18.2Force majeure on the side of Sisow is involved when an external condition partially or fully impedes Sisow’s fulfilment of its obligations towards the Merchant or when it cannot be reasonably expected that Sisow can fulfil such obligations regardless of whether this condition (these conditions) could have been foreseen when the Agreement was entered into. These conditions include, in any case but not exclusively: – obligations imposed by the government which have consequences for the provision of the services to be provided by Sisow; – deficiency of items, equipment, software and digital infrastructure of third parties, the use of which is necessary for the the Service to be provided by Sisow; – shortcoming of suppliers of Sisow of the other third parties, such as e.g. internet providers and telecom operators, on whose service Sisow is partly dependent for the performance of its obligations; – disruptions of internet, computer network or telecommunications facilities or other (digital) infrastructure; – failure of the electricity supply; – staffing; – strike; – unavailability of one or more essential staff members; – fire and flooding; – war; – extreme weather conditions and natural disasters; – external disturbances.
18.3If the force majeure situation lasts for more than fourteen days and/or it is determined in advance that the force majeure situation shall last for at least fourteen days, the Parties shall have the right to terminate the Agreement.
18.4If Sisow has already partly fulfilled its obligations or can only fulfil its obligations in part when the force majeure situation occurs, Sisow shall be authorized to invoice the already supplied service or the part of the service that can be supplied, respectively, separately and the Merchant must pay this invoice as if it concerned a separate agreement.
19.COMPLAINTS
19.1If the Merchant should discover that there are (or may be) errors or defects in the Service provided by Sisow or that Sisow is in default in some other way, the Merchant must declare Sisow in default within 30 calendar days after discovering the error, defect or default in writing. The notice of default must contain a description that is the fullest and most detailed possible of the shortcoming so that Sisow can respond appropriately.
19.2A complaint shall not suspend the payment obligation of the Merchant. Sisow is not required to accept a complaint for processing as long as the Merchant still has any unpaid invoices.
20.CURRENCY
20.1If the Merchant accepts payments in a different Currency than the one used to pay the Merchant, Sisow shall pay out the amounts in the currency used by the Financial Institution for making payments. The Merchant cannot call Sisow to account about the exchange rate used.

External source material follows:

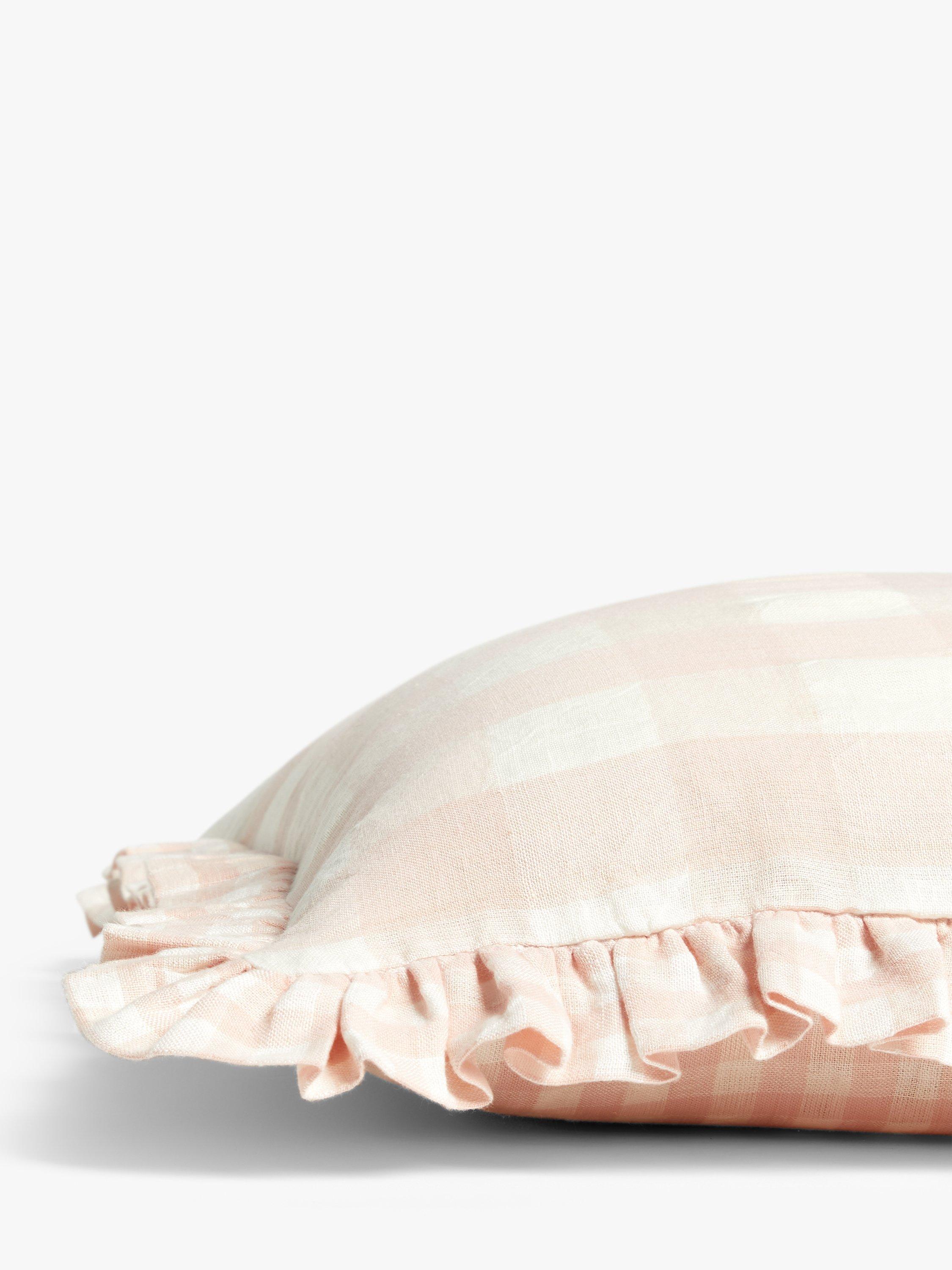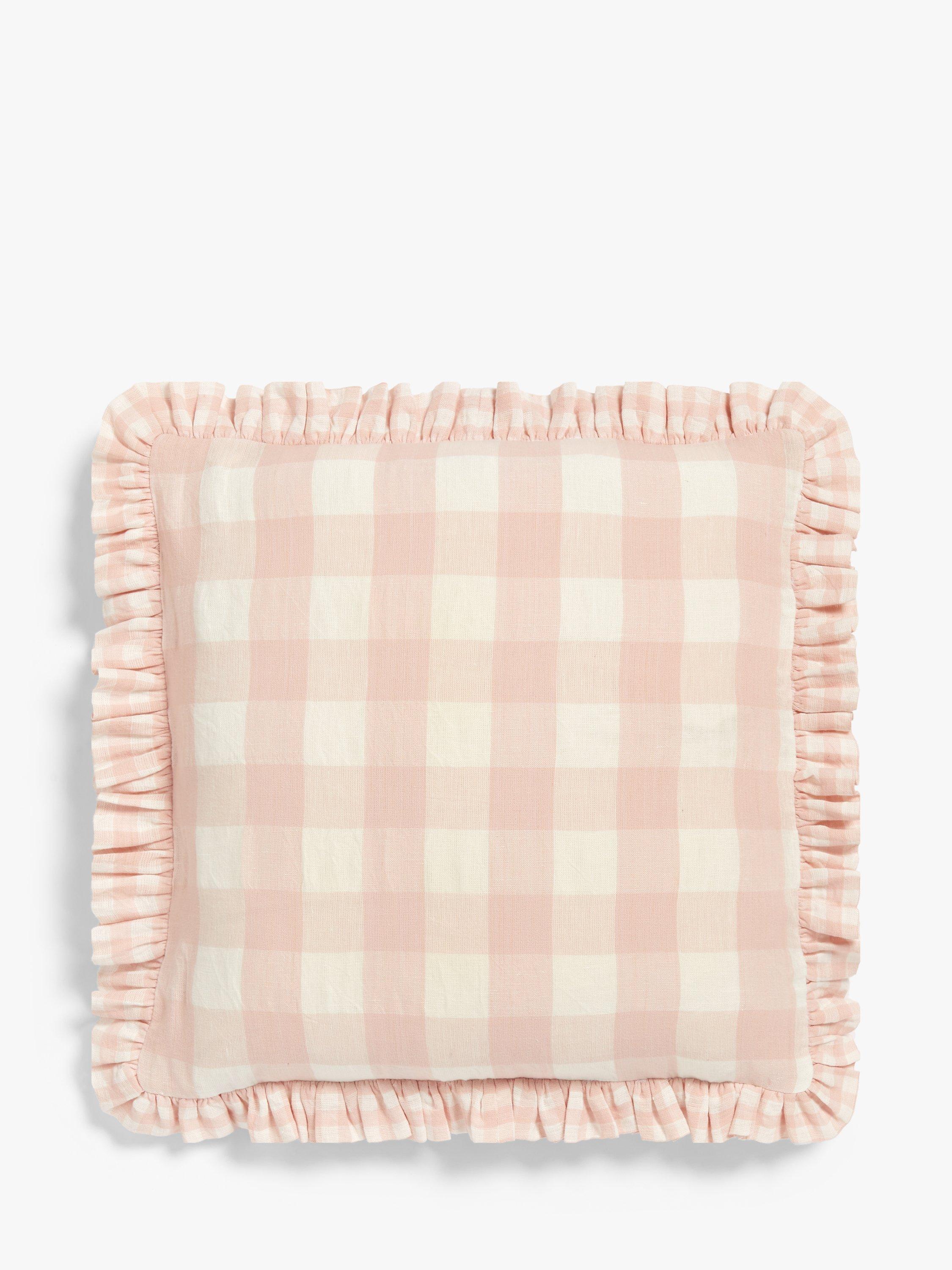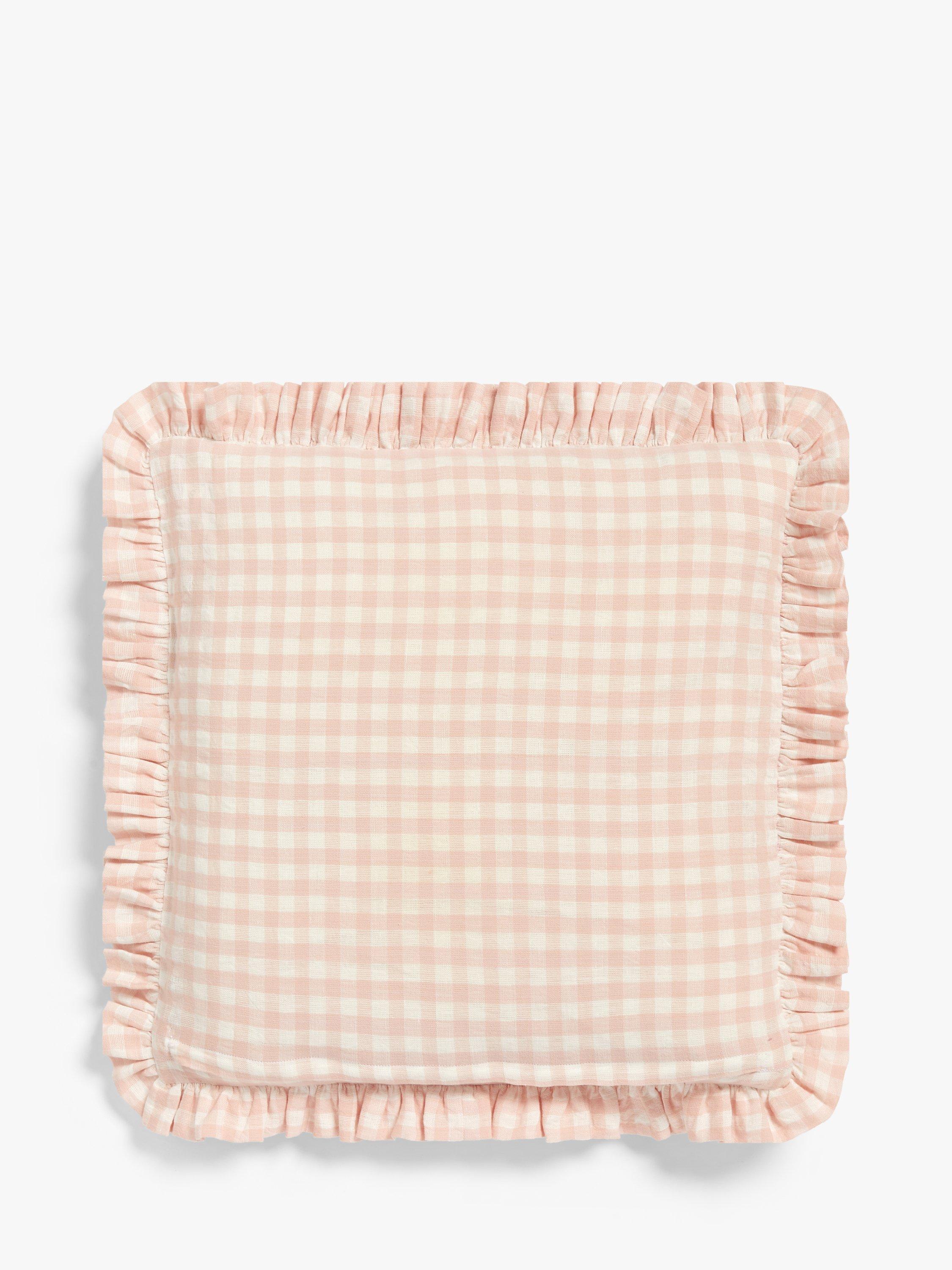 A cheerfully checked gingham cushion with a matching frill. It's machine washable for convenience.

21.APPLICABLE RIGHT AND CHOICE OF FORUM
21.1The Agreement between Sisow and the Merchant and everything that arises from this shall be governed by Dutch law.
21.2The applicability of the Vienna Sales Convention is excluded.
21.3Any dispute regarding the formation, explanation or execution and/or any other aspect of the Agreement and the General Terms and Conditions shall, in the first instance, be submitted to the competent court of the district court of ‘s-Hertogenbosch.
22.FINAL STIPULATIONS
22.1Sisow and the Foundation are entitled to use the services of third parties when executing the Agreement.
22.2The data with regard to (the execution of) the Agreement kept by Sisow, the Foundation or third parties which they may have engaged serves as full proof with regard to the Merchant unless the Merchant proves otherwise.
22.3All taxes that are due and payable with regard to the Agreement and the General Terms and Conditions or that may be levied in the future, shall be at the expense of the Merchant.
22.4Sisow is entitled to transfer the legal relationship(s) with the Merchant that arises from the Agreement to a third party. By entering into the Agreement, the Merchant gives permission for this in advance unconditionally and irrevocably.